WHAT THIS TASK INVOLVES >> Starting at the first line of the material below, retype each line exactly until you reach the line with "Crafted from pure", which is also included; pictures stay out.

SUPPLIED INFORMATION >>
* * * * *

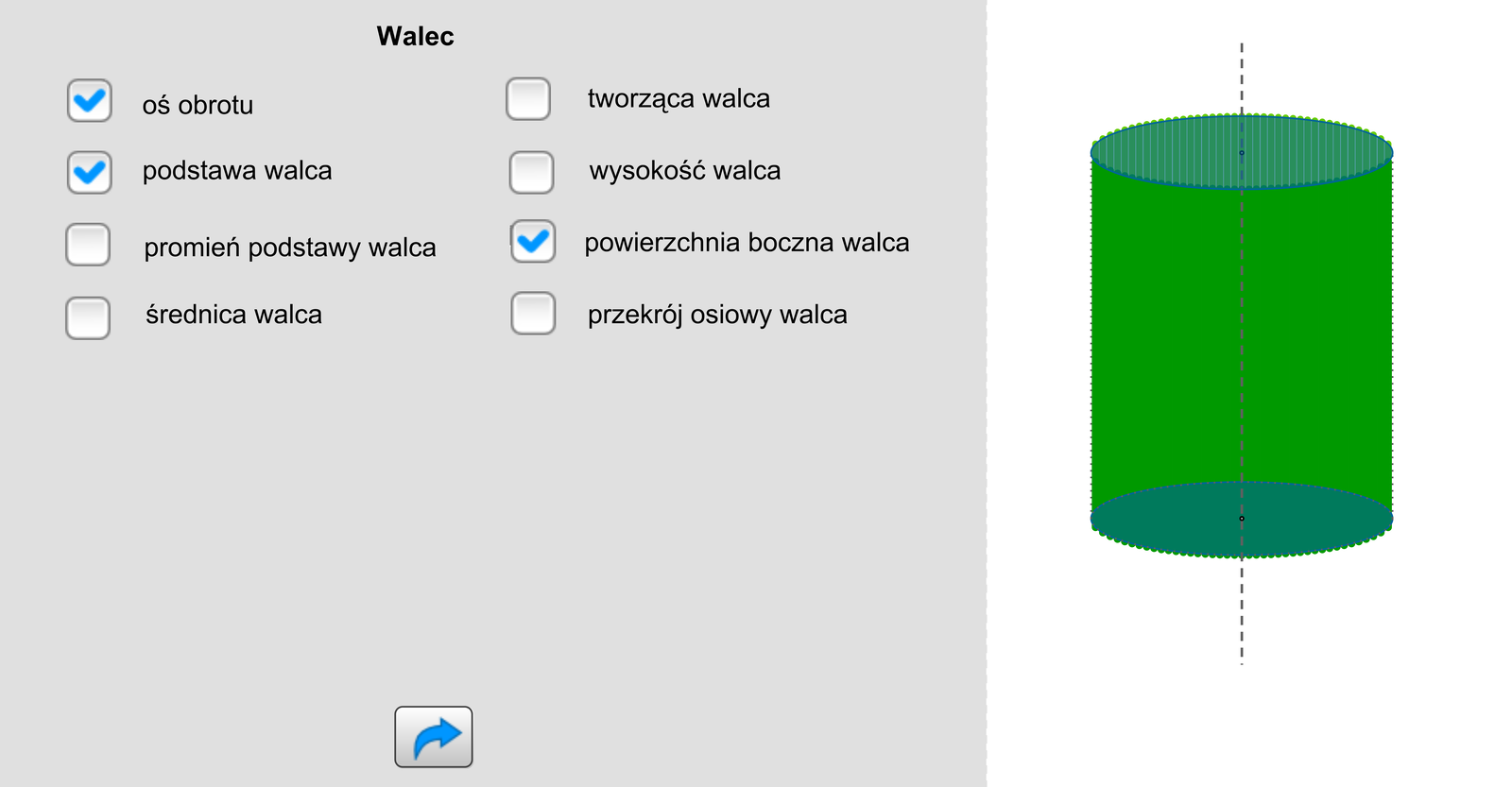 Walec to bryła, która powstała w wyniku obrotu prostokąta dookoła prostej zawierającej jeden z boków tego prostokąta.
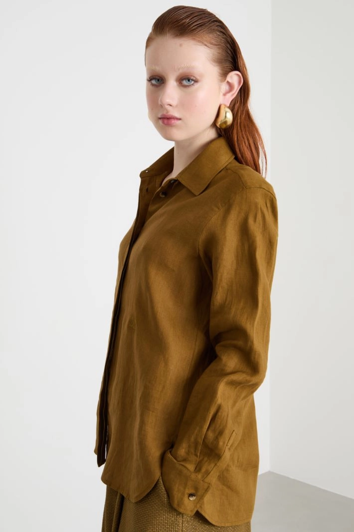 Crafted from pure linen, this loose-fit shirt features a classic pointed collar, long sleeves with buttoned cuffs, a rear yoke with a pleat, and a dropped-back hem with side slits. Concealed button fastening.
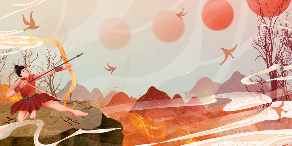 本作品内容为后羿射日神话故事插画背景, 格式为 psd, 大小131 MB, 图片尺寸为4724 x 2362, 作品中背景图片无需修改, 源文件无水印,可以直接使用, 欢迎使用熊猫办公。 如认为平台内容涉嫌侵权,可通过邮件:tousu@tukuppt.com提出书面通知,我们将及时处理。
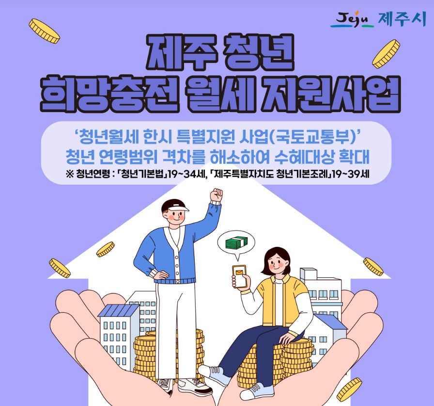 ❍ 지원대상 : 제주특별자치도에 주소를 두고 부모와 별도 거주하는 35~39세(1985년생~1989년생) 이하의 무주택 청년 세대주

* * * * *

SOLUTION FOR THIS PROBLEM >>
 Walec to bryła, która powstała w wyniku obrotu prostokąta dookoła prostej zawierającej jeden z boków tego prostokąta.
 Crafted from pure linen, this loose-fit shirt features a classic pointed collar, long sleeves with buttoned cuffs, a rear yoke with a pleat, and a dropped-back hem with side slits. Concealed button fastening.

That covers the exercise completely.